Oh dear, looks like you haven’t properly read everything – well, it’s not your fault, regarding how many details there were!! :) The Starter Selection only commences AFTER the 15 spots are filled – so I won’t be rejecting any one’s OCs because of something so contrite!!! Don’t worry, the people here are really nice and I’m not that cruel~!!!!

“This is the wrong way of approaching this. If you need a specific power level for the characters to work in the story, you don’t need to make any compromises or concessions to the people with overpowered Mary Sues, and in fact it’s a lot clearer and easier if you say straight-up what power bracket you want. From there, the onus should be on the submitters to justify their level within that bracket. It’s possible to justify having an overpowered pokemon with backstory, or counterbalance it with some disadvantage like disobedience or a major character flaw in the trainer themselves.”

Now, now, wrong and right are merely points of view, isn’t it? Well, I would completely respect your idea if it fit into the frames of a story YOU wrote and flowed along with its plot progression and eased things for you. However, the ‘wrong way’ I have actually isn’t wrong if you look at it through a wider scope and is merely something I and I’m sure MOST other writers would agree is easier and more comfortable. That’s just my view there but then again, it is MY story and none of the OC senders have any problems with it so it’s fair to say it’s justified. :)

“This, too, limits character possibilities to an unreasonable extreme. You say you want diverse and imperfect characters, but there aren’t a lot of ways to build “child prodigy suma cum laude”, and a lot of them are probably going to look like Mary Sues – either they got the highest position in the country legitimately, in which case they’re a supergenius, or they got it despite huge disadvantages, in which case they’re absurdly lucky.”

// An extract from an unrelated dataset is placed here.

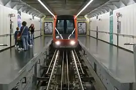 Elle est en correspondance avec le terminus bas du funiculaire de Montjuïc.

Hohoho, I understand why you’d want to debate this point but then again, you’re speaking from an extremely narrow mindset. There are different kinds of ‘prodigies’, dear sir/maam – the ones with talent, the ones with luck, the ones with hard work, the ones with passion, the ones with backup, the ones with quick wits and LOOOOOTTTTSSSS more. That gives plenty of variety and since Ashthorne Academy is the main pinnacle of the story’s lore and the center of its plot progression, the OCs have to be rather intimately connected to it. I would tell you in greater detail but then that’d spoil the story for you, ne~?

Oh, and they may be top 15 of Novus’ most elite Academy but then again, they’ve got no ‘real’ battling experience so there’s plenty of hardships they’ll go through.

“[The top 15 students will be divided into five groups of three members each and leave on different routes – however, each student will have the same goal. Collect eight badges and take the League challenge – the top four finalists will battle the Elite Four and the winners will then proceed to battle each other before finally making it to the Champion. The teams will have to travel on their journey together and will be out of the competition if they leave their team or travel alone.]”

Ohohoho, but if the plot gave away everything from the onset, wouldn’t there be absolutely no surprise and shock factor to the show? XD I haven’t even posted anything of the plot yet!!! This is just world info!!! Oh, and what is that link? Are you getting paid for promoting it or something? If so, then I can totally understand why you’re working so hard to flaunt it!! XD Keep at it!!! *thumbs up*

“Perhaps you are going to have some interesting twist on the formula, but if you are, you need to tell your submitters that. You can’t withhold information from the people who are going to be populating the story, that’s just going to get you boring and unsuitable characters.”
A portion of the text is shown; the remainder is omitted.